胸部エックス線検査や胸部CT検査などで肺がんが疑われた場合は、本当にがんかどうか調べる確定診断のために、肺のかげの部分の組織を直接とって調べます。確定診断には「気管支鏡検査」「CTガイド下生検」「胸腔鏡(きょうくうきょう)検査」など、いくつかの方法があります。

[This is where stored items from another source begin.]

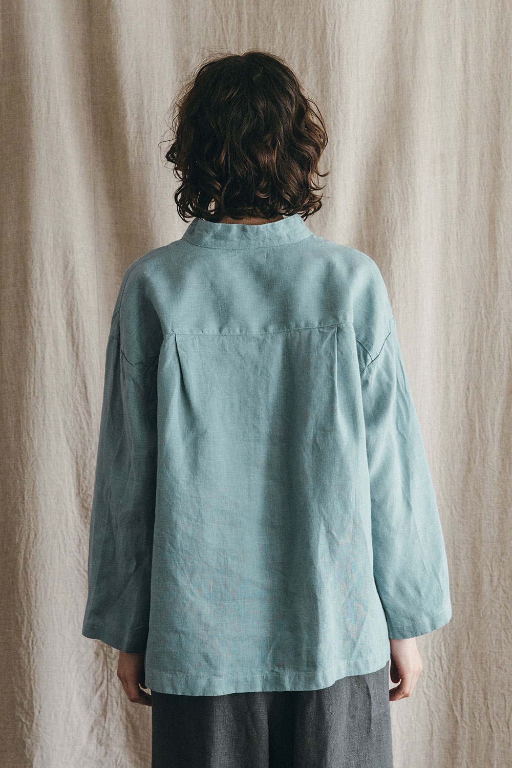 PARSLA STAND COLLAR RIBBON TOP CLAIR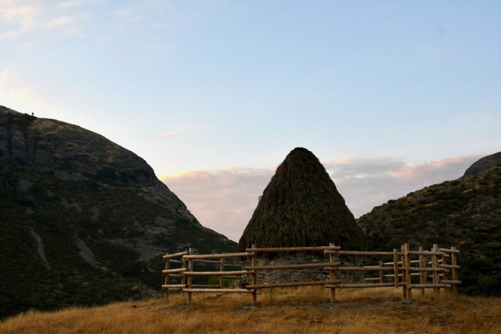 1.300 Meter Höhe und 7 Grad nachts sind normalerweise nicht wild. Wenn das Gepäck allerdings auf „Sommerurlaub“ ausgelegt wurde, ist das eine Ansage. Es wäre ein Tiefschlag, sollte die Standheizung irgendwann während einer Reise streiken. Heute Morgen ist das allerdings nicht der Fall und wir sitzen bei 22 Grad und Kaffee im Auto und schauen in den Morgen. Wir müssen vor der Abfahrt aus Neugier kurz ein Stück den Berg hochgehen, da wir aus der Ferne von der Landstraße einen ulkig aussehenden Bau gesichtet haben. Es handelt sich um eine Schutzhütte der Hirten. In der Region stehen immer mal wieder solche Gebäude herum. Diese hier scheint für Touristen schön hergerichtet worden zu sein- jedenfalls würde es mich wundern, wenn die alle so gut in Schuss wären und ein kleines Gatter drumherum hätten.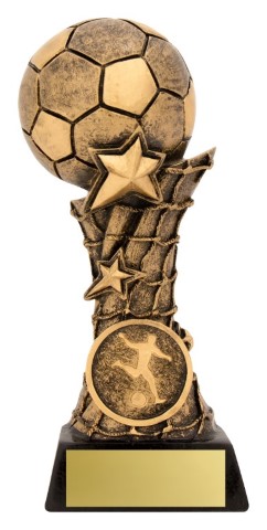 Effective design that showcases the football atop a stylish goal net tower – finished in classic antique gold colours and black base. This design starts at a reasonable price point making this generic theme a great choice for participation awards. Space for insert also present.

肺がん検診や確定診断のための検査について詳しく知りたい方はこちら



肺がんの治療法

肺がんの治療法は、手術、薬物療法、放射線療法の3つがあり、肺がんのタイプと進行度で選択される治療が異なります。

がんの進行度と治療方針

非小細胞がんの病期と治療方針

非小細胞がん(腺がん、扁平上皮がん、大細胞がん)の場合、Ⅰ期の前半では、手術のみでの治療が推奨されています。Ⅰ期の後半からⅢ期の一部までは、手術後の再発予防として薬物治療を行うことがあります。Ⅲ期では、「放射線」「化学療法(抗がん剤)」による治療が同時に行われ、Ⅲ期の一部からⅣ期では、薬物治療【化学療法(抗がん剤)、分子標的薬、血管新生阻害薬、免疫チェックポイント阻害薬】が受けられます。
一方、小細胞がんは進行が非常にはやく、手術が行えるケースは少ないです。放射線治療と化学療法(抗がん剤)が治療の中心となります。

ステージで異なる肺がんの治療法について詳しく知りたい方はこちら

肺がん手術

非小細胞がんで進行度がⅠ期やⅡ期の場合、根治させるために、がんを取り除く手術が第一の選択肢として検討されます。手術には、肺を切除する範囲によって大きく分けて肺葉切除術、肺全摘術、縮小手術の3つがあります。

肺葉切除術

最も多く行われている手術で、がんができた肺葉のみ切除します。

肺葉切除術

肺全摘術

がんが大きかったり肺の中心部にあったりする場合は、片方の肺をすべて切除します。

肺全摘術

縮小手術

がんの直径が2cm以下でリンパ節転移がなく、転移の可能性も低い場合は、がんとがんの周囲だけを小さく切除します。肺の機能を残せるのが長所で、肺がんの早期発見の増加に伴い行われるケースが増えています。

縮小手術

肺がん手術の種類や時間、術後のリハビリについて詳しく知りたい方はこちら

肺がんの薬物療法

肺がんの薬物治療

肺がんの薬には、従来の抗がん剤を使って治療する「化学療法」、特定のがん細胞に作用する「分子標的薬」、がん細胞ではなく、その周囲の血管に作用する「血管新生阻害薬」、免疫を利用した「免疫チェックポイント阻害薬」があります。